Дверь с прицепленным венком распахнулась, прервав их разговор, и на крыльце вырос дородный мужчина. Борода лопатой, плохо стриженая. Одет в черную рясу, из-под рясы джинсы торчат. Ряса подпоясана толстым кожаным ремнем с роскошной бляхой "Харлей-Девидсон".
- Отец Михаил?.. - неопределенным тоном спросил Саша, а киприот объяснил:
- Он в России ни дня не жил.
- Да? - тот оглянулся на свежеокученную картошку.
- Я точно знаю, - прибавил таксист, - я во всех церквях бывал.
Саша вылез из машины и вспомнил о деньгах - деньги-то забыл снять! Таксист приостановился: он подумал о том же самом. Саша вывернул карман, высыпал на ладонь мелочь и густо покраснел. Водитель пристально посмотрел на него и махнул рукой:
- Отдашь в другой раз, киприот! - и укатил.
- В `избу-то взойдёте? - благодушно воззвал священник. - Пожалуйте, закусим!
После быстрого приветствия они оказались внутри. Вблизи лицо батюшки оказалось удивительной толщины в целом и в деталях: мощные щеки, пухлые веки и очень толстые уши. На этом пространстве могло бы разместиться два Сашиных лица.
Тот с порога рассказал о небесных чудесах. Священник согласился, что очень может быть, в новые времена и подавно. Саша про семь планет на небе сказал, отец Михаил ответил, что это затмение.
- Про затмение не сообщали, - возразил Саша.
- И наука может ошибаться, - миролюбиво спорил священник, - недавно был звездопад - как ливень.
- А в Городе что творится, батюшка!
- Что такое, у меня в приходе ничего не слышно?
- Как же?..
Саша запнулся. Когда он собирался сюда, он хотел не только о маме спросить, а еще разузнать хорошенько, что происходит в Городе. Но сейчас, получив такой ответ, он подумал другое. Он уже дошел до галлюцинаций, от Клубов и Седых пора отдыхать... Может, он единственный видит... просто сны. А что, собственно, в Городе? Ну, затмение. Ведь батюшка не сумасшедший? Так что разузнавать, если это у него дурдом в голове? Он едва не покраснел, подумав, как мог бы вляпаться, и стал рассматривать расписные ковши на полках, иконы в углу.

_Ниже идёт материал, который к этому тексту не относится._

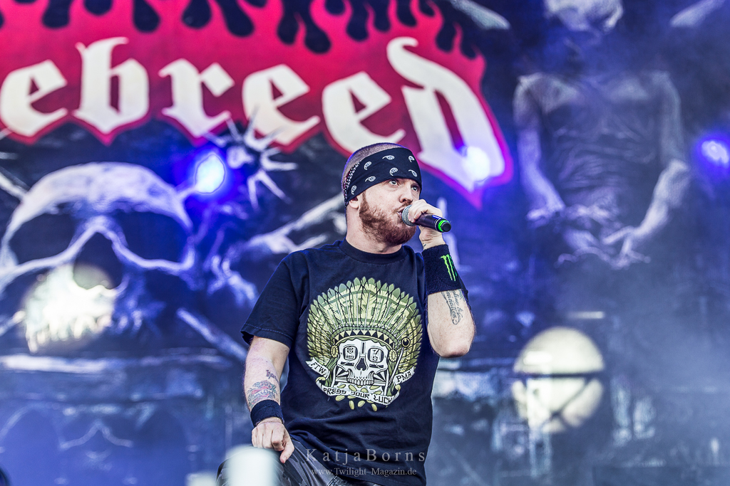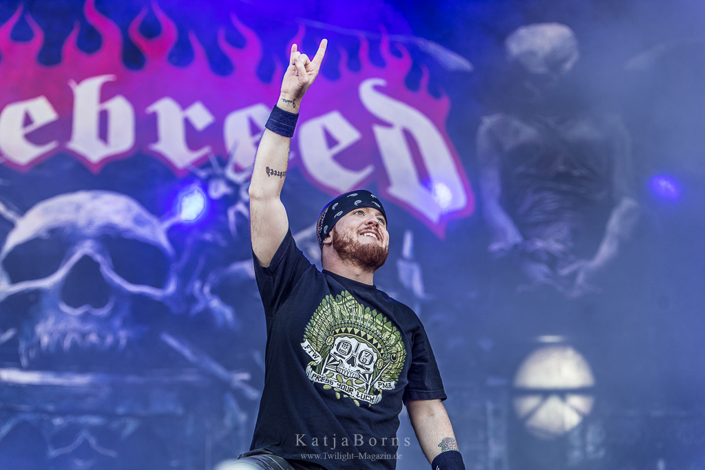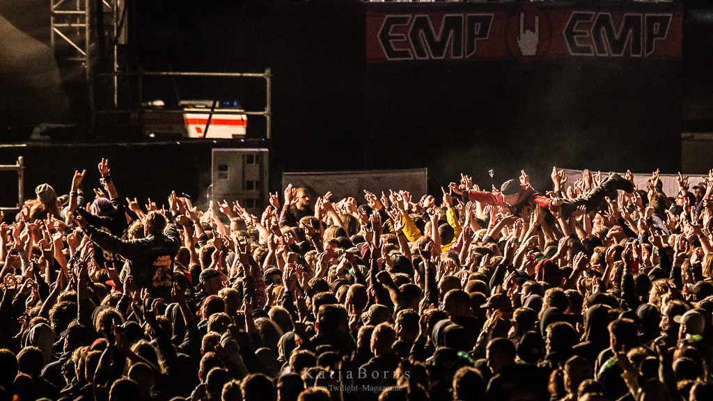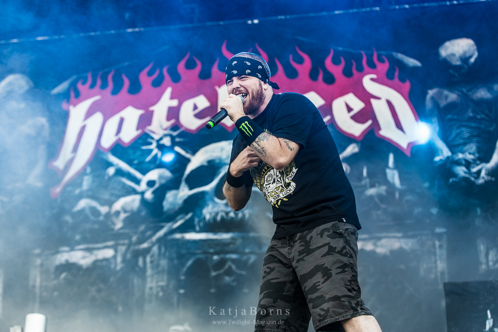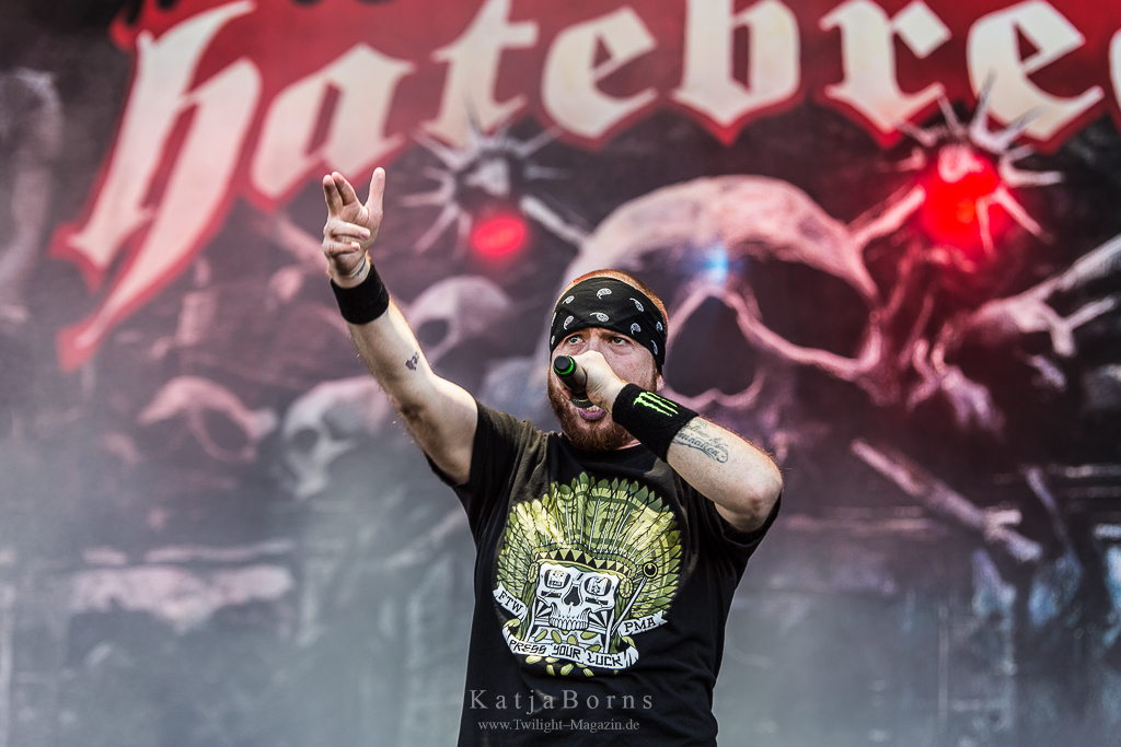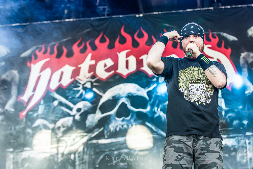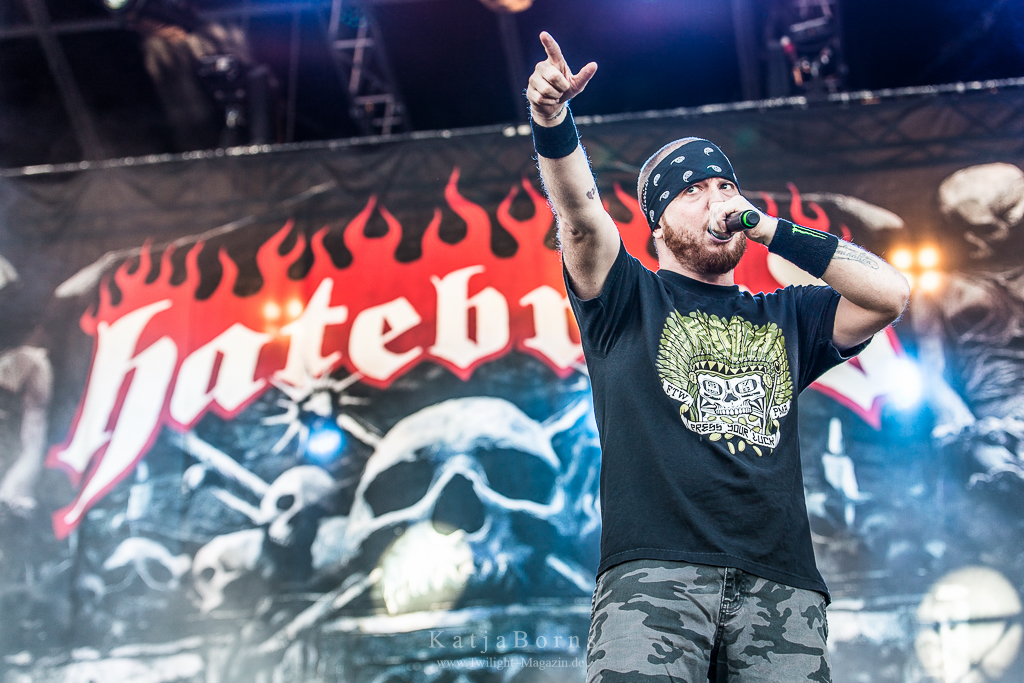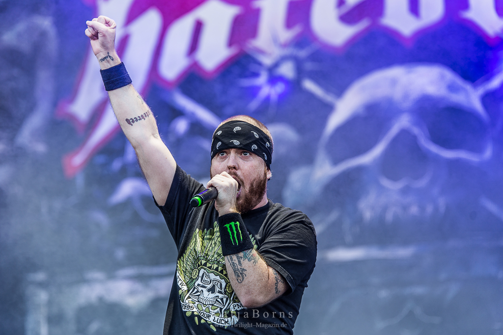 Der Samstag begann zunächst mit einer Sturmwarnung und nach den bisherigen Desastern bei Rock am Ring sowie beim Hurricane und beim Southside Festival gab es schon einige böse Vorahnungen. Trotz der vielen Agnostiker scheint der Wettergott aber Heavy Metal eben doch zu lieben und so blieb es bei einigen Schauern und einer recht steifen Brise am Nachmittag. Kein einziger Auftritt musste abgesagt werden. Zum späten Nachmittag gab es dann bestes Festivalwetter bei etwas über 20°C und so konnte Zoltan mit seiner Band EKTOMORF in Bestform über die Bühne hüpfen während die Menge trockenen Fußes im Pit kreiselte. Anschließend feierte BEHEMOTH mit uns eine satanische Messe und spätestens jetzt hätte der massive Einsatz der Flammenwerfer wohl jede aufkommende Regenwolke sofort verdunsten lassen. Noch etwas benebelt vom Weihrauch blieb keine Zeit sich Sorgen um das eigene Seelenheil zu machen, schon brüllte Jamey Jasta uns zurück ins das hier und jetzt. HATEBREED trafen wie das Geschoss aus einer Pumpgun den Nerv des Publikums.

Ухоженная гостиная пахла съестным. Овальная арка отделяла ее от кухни, где совершались магия и ритуалы. Оттуда выглянуло сосредоточенное лицо разгоряченной стряпухи, она назвалась Наташей, проговорила несколько слов, сильно двигая влажными губами, кажется, машинально: ей очевидно не терпелось скрыться в глубинах храма. Саша поклонился, улыбаясь слегка дольше, чем надо, и чуть-чуть слаще, чем надо, едва ли не заискивающе, как бывает с проголодавшимися мужчинами. Она уже исчезла, а он еще смотрел в проем двери с легкой, потерянной улыбкой.
Кажется, священник понимал все тонко, потому что скрывшись в арке, он вскоре появился оттуда с подносом, уставленным симпатичными мисочками. Наполнены они были удивительными вещами: соленые грибки, селедка в сметанном соусе и мелкие огурцы, обсыпанные какой-то травкой.
- Свои, бочковые! - радостно воскликнул он, понимая, что произвел сильный эффект. Саша закрутил головой в поисках бочки, но батюшка понял его по-своему. Еще нырнув туда, где вкусно пахло, он вернулся, обнимая мощной лапищей бутылку ледяной водки. Саша внутренне ахнул.
Отец Михаил совсем не походил на священников, которых тот встречал в других православных приходах. Священнослужители в очках модного фасона как две капли воды походили на обитателей деловых контор Великого Города - казалось, они ненадолго выпрыгнули из гладких пиджаков и отутюженных брючек. Каменные, массивные храмы, в которых они служили, походили на пластмассовые коробочки, раскрашенные на один раз. Словно вымытые чистящим средством стены и яркие пластиковые иконостасы - все в них было невсамделишнее. И даже ступени не были ступенями в храм... Службы шли то рано, то поздно, по удобному для священника расписанию, так что не было возможности угадать, когда надо ехать. Многие бросали попытки. Велись службы как попало, скомканно, без благообразия и сосредоточенности. Хор слабо знал слова и, кажется, еще хуже понимал их смысл. Во время службы по храму ходили и смеялись дети. К ним присоединялись взрослые немедля после исчезновения батюшки, и храм превращался в клуб любезностей, причем паства, в основном, болтала не по-русски; чувство правдоподобия говорило Саше, что в этих храмах творится что-то неладное.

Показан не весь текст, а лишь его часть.